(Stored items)
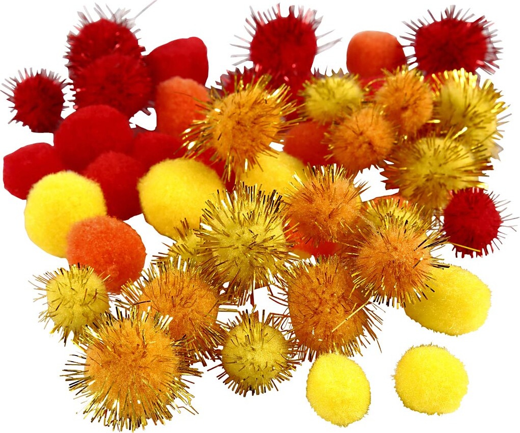 Pomponer - ø 15+20 Mm - Orange - Rød - Gul - 48 Assorterede
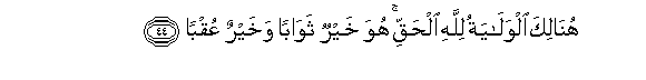 44. Hunalika alwalayatu lillahi alhaqqi huwa khayrun thawaban wakhayrun AAuqban
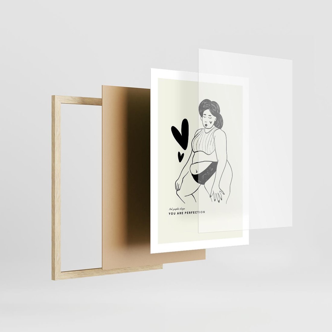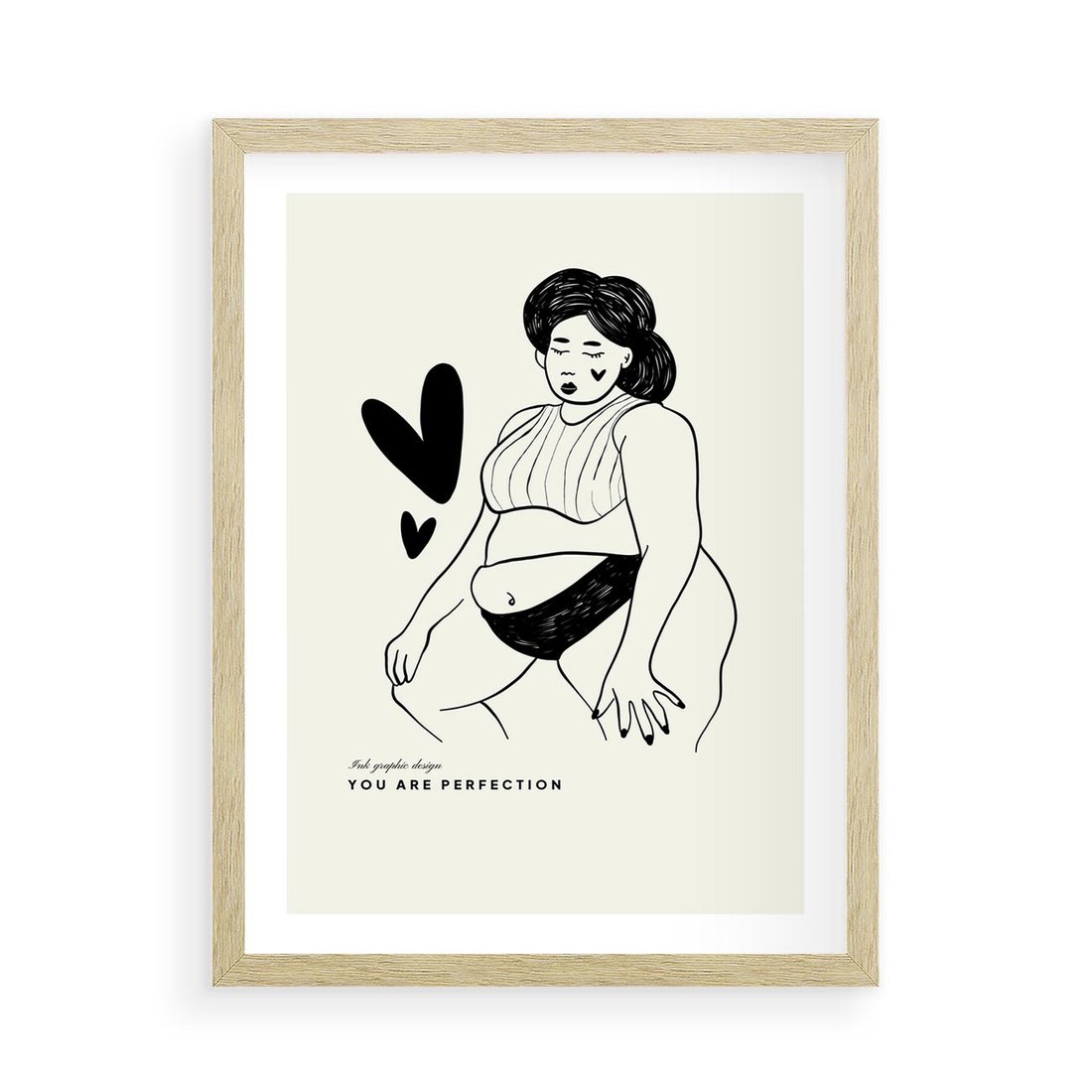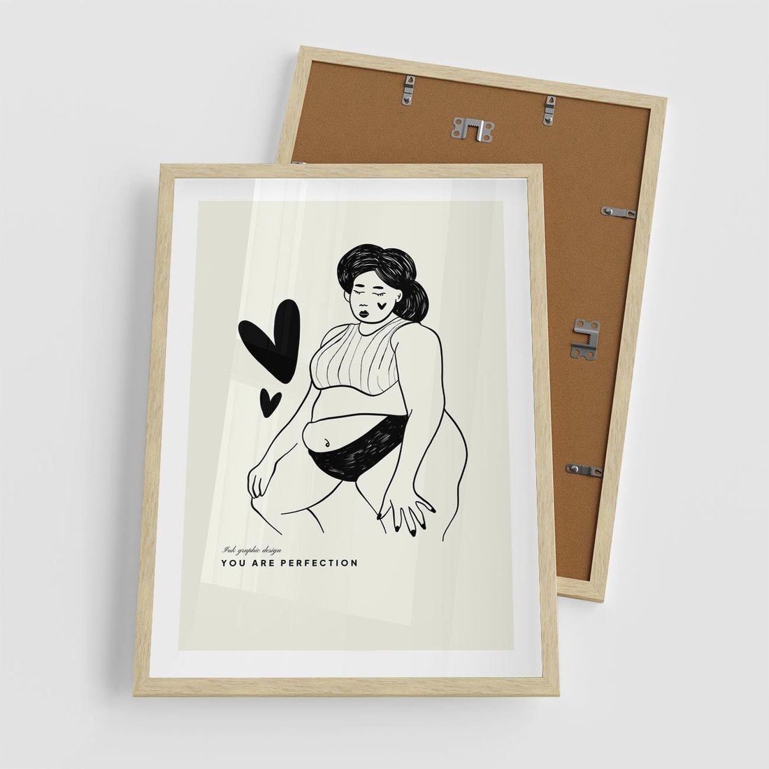 Ta sztuka rysunkowa ukazuje piękno kobiecej sylwetki w bieliźnie. Wzbogacona wyrazistą typografią, przypomina o sile wyrażania indywidualnego piękna i pewności siebie.
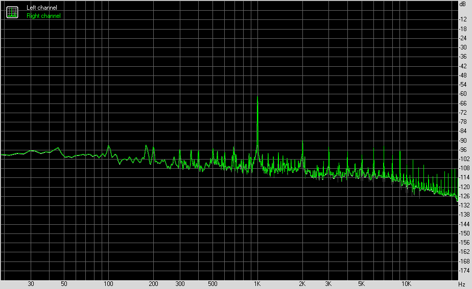 Для тестирования выходного звукового тракта, предназначенного для подключения наушников или внешней акустики, мы использовали внешнюю звуковую карту Creative E-MU 0202 USB в сочетании с утилитой RightMark Audio Analyzer 6.4.5. Тестирование проводилось для режима стерео, 24-бит/44,1 кГц. По результатам тестирования аудиотракт на плате получил оценку «Хорошо».
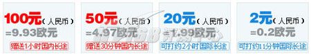 在skype的資費列表中,沒有人民幣選項,在Tom-Skype的充值選項中,僅提供了四種金額的充值100、50、20、和2元。從官方站點查到的價格為0.017歐元/分鐘(約合人民幣0.17元/分鐘)
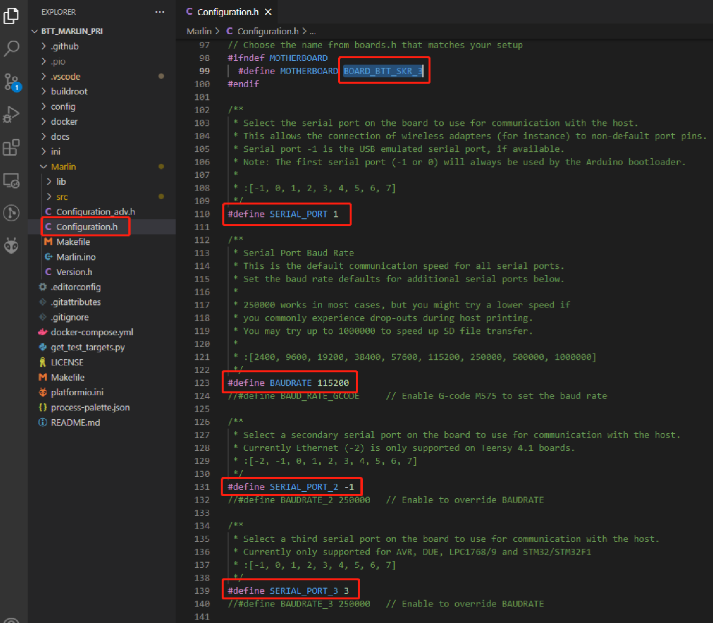 Que en nuestro Marlin tengamos definidos correctamente los drivers así como las direcciones de comunicación UART/SPI para nuestro modelo de placa que podemos encontrar en configuration_adv.h buscando ADDRESS.
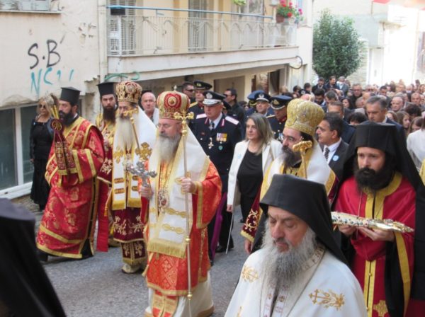 Στο τέλος, κλήρος και λαός μετέβησαν στο μνημείο Ηρώων, στην πλατεία Μακεδονομάχων, όπου τελέστηκε Επιμνημόσυνη Δέηση και κατάθεση στεφάνου.

### EXERCISE AIM
The lines to copy begin at the one containing "在skype的資費列表中,沒" and end at the last line of the records. Set down exactly those lines and no others, both ends included, and omit all pictures.

### RESULT OF THIS TASK
 在skype的資費列表中,沒有人民幣選項,在Tom-Skype的充值選項中,僅提供了四種金額的充值100、50、20、和2元。從官方站點查到的價格為0.017歐元/分鐘(約合人民幣0.17元/分鐘)
 Que en nuestro Marlin tengamos definidos correctamente los drivers así como las direcciones de comunicación UART/SPI para nuestro modelo de placa que podemos encontrar en configuration_adv.h buscando ADDRESS.
 Στο τέλος, κλήρος και λαός μετέβησαν στο μνημείο Ηρώων, στην πλατεία Μακεδονομάχων, όπου τελέστηκε Επιμνημόσυνη Δέηση και κατάθεση στεφάνου.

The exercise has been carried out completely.